MUSIQUE : Entretien avec Rachid Taha

Rachid Taha est sûrement l’artiste contemporain Algérien le plus célèbre au monde. En France, il est un artiste précurseur.

Depuis « Barbes », son premier album solo il y a 20 ans, Rachid met en chanson la tolérance et diffuse l’intégration à la vue de tous. Il n’a de cesse de rappeler les réalités des immigrés d’Afrique du Nord.

Trente années de carrière, il a connu les plus grands : Gainsbourg, Bashung… Sa musique a été adaptée par Carlos Santana en 1999 sur l’album Supernatural. Il a également été récompensé par la BBC dans la catégorie World Music.

Son franc-parler lui attire la « censure », sa musique n’a pas pris une ride, elle est plus actuelle que jamais. Pour s’en convaincre il suffit d’écouter sur Deezer : www.deezer.com/fr/music/rachid-taha#music/rachid-taha

Rv Dols : Tu es né en 1958 en Algérie…

Rachid Taha : Oui, à Oran où j’ai vécu pendant une dizaine d’années, puis mes parents sont venus en France et plus exactement en Alsace.

Rv Dols : C’est là que tu découvres le froid.

 

Rachid Taha / photo Rv Dols©

Rachid Taha : Oui et la bêtise humaine. Certaines personnes avaient peur de l’inconnu, voir des différences, alors le réflexe était le racisme, et tu sais à cet âge là les enfants peuvent être cruels et répéter sans ménagement ce qu’ils entendent à la maison.

Rv Dols : Puis la famille Taha s’installe à Eponge sur Vologne…

Rachid Taha : C’est l’affaire Grégoire.

Rv Dols : Tu n’as rien à voir avec ça.

Rachid Taha : Si j’ai à voir, c’est moi le véritable, je me suis cassé… (rire)

Rv Dols : Tu quittes le domicile de tes parents à 20 ans pour vendre des livres.

Rachid Taha : Je vendais des livres, c’était comique. Le catalogue dans les mains, on se faisait passer pour des étudiants qui gagnaient « des étoiles » pour pouvoir voyager et continuer leurs études. Il y avait un peu d’arnaque, mais bon.
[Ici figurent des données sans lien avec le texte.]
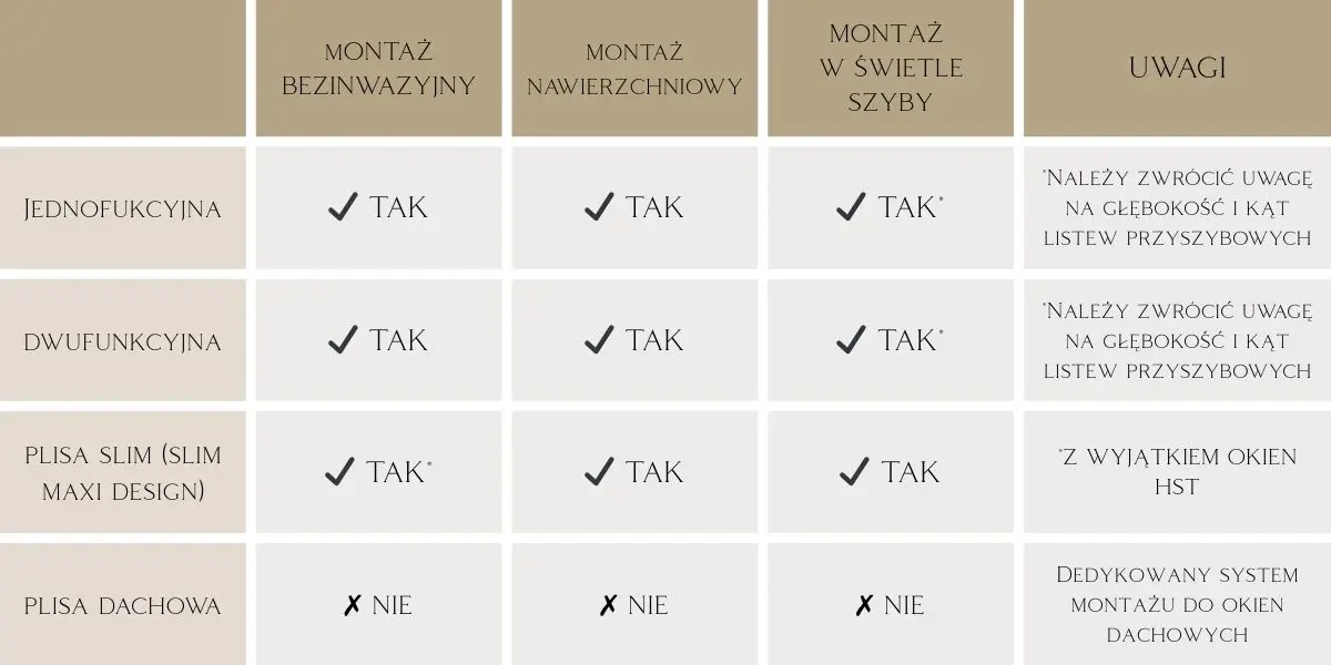 Zastanawiasz się, jaki montaż można zastosować do danej plisy? Poniższa tabela pokazuje, które rodzaje montażu plis pasują do konkretnych typów plis – dzięki temu szybko dobierzesz właściwe rozwiązanie do swojego okna.

C’est le seul moyen que j’ai trouvé pour sortir du petit village où je vivais.

Rv Dols : Finalement tu retournes chez tes parents à Lyon et tu fais de l’intérim. A l’usine tu rencontres deux frères : Mohamed le guitariste et Moktar le bassiste.

Rachid Taha : Effectivement, j’ai travaillé à l’usine comme intérim. Le week-end Mohamed et Moktar jouaient de la musique. Je ne sais pas si tu te souviens, c’était l’époque des bottes people. Un jour de grève comme aujourd’hui, nous sommes allés au local où ils répétaient.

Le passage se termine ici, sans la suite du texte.